Former Pakistan prime minister Benazir Bhutto has announced that she would accept General Musharraf as president after the 2007 general elections.
“I think that a good working relationship between Musharraf and me would be a necessity,” she told a reporter of The Times during a four-hour interview in Dubai published here at the weekend. She repeatedly said it was in “national interest”.
The Times has claimed that Benazir does not rule out that she might become prime minister again. “If the people vote for my party and parliament elects me as prime minister, it would be an honour for me to take up that role and General Musharraf would be there as president, so I think that a good working relationship between him and me would be a necessity for Pakistan,” she said.

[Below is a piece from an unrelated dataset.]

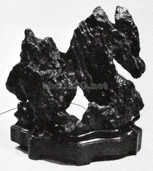 既述の『雲林石譜』には百有余種の中国産の名石が挙げられている。石塊に紫檀の台をつけ、その奇岩怪石ぶりを鑑賞されている。出所:『文房古玩事典』宇野雪村

“I would have the choice of either respecting the will of the people and making it a success or being short-sighted and putting my personal feelings about past events ahead of the national interest, and what I want more than anything is for Pakistan to prosper as we make a transition to democracy,” she said.
The interview unfolds many interesting aspects of Benazir’s personality and her new found love for working with General Musharraf.
“(Benazir) Bhutto is the most extraordinary woman who says the most extraordinary things, veering wildly between self-aggrandizement and a knowing, sometimes humorous, recognition of how she can come across,” the reporter writes.
The Times writes that Benazir’s response to a possible deal with Musharraf was: “I find these reports very confusing.” It is also confusing that while Benazir does not shirk from criticising Musharraf at every opportunity, she also makes it clear in this interview that she would be ready to work alongside him as long as certain conditions were met.